Differently than Hifiasm, Hicanu is going to give you a fasta file at the end. It’s called * .contigs.fasta. So, go on and generate the statistics for this result:

asmstats <prefix>.contigs.fasta > <prefix>.contigs.fasta.stats

WELL DONE!

You have just done eukaryotic genome assembly using PacBio HiFi reads and two different assemblers! That is fantastic!

I want you to gather the statistics results of different files:

1-) The statistics of the raw reads you have used as input for your assembly.

a- How many reads are there?

b- What is their average length?

OBS: remember you already have these results as we have generated them in the previous Hands On session.

2-) The statistics of Hicanu and Hifiasm assembled files.

a-) Have both assemblers assembled exactly the same number of contigs?

b-) What are the assembly statistics: N50, total assembled size, contig counts …

BEFORE YOU GO BACK TO THE GROUP

As you know, because of time and computer resources, we have assembled only a subset of reads (<species_id>.600.fasta) for the species you have chosen.

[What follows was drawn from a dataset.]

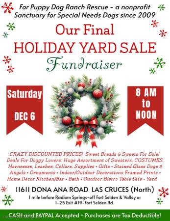 Location: Las Cruces – 1 mile before Radium Springs and the Blue Moon. Dona Ana Rd / Valley Dr / Fort Selden area. (Fort Selden exit off 25 North). We can also meet in the Family Dollar parking lot on Fort Selden Rd. * We can also meet at Family Dollar on Fort Selden Rd. *

But I have generated previous assemblies for the complete set of reads, and I would like you to generate assembly statistics for those assemblies. The files will be on the shared species folder (/home/ubuntu/Share/<species_id>_data/) and will be named <species_id>.hicanu.total.contigs.fasta.gz and <species_id>.hifiasm.total.[a/p]_ctg.fa.gz (Hifiasm produces two different files, one with suffix a_ctg.fa.gz and another one with the suffix p_ctg.fa.gz). In your species home directory (~/<species>/), create a symlink for those files (with the ln -s command) and run asmstats on them (e.g. asmstats <species_id>.hicanu.total.contigs.fasta.gz > <species_id>.hicanu.total.contigs.fasta.stats). Then answer:

1-) What is the assembled size, number of contigs and N50 for the hicanu assembly?

1a-) Is the Hicanu result close to the estimated genome size? Why?

2-) Hifiasm generates two files. Why? What are the assembly metrics for these two files?

Now gather all these results, let’s go to the larger group and let’s discuss them together!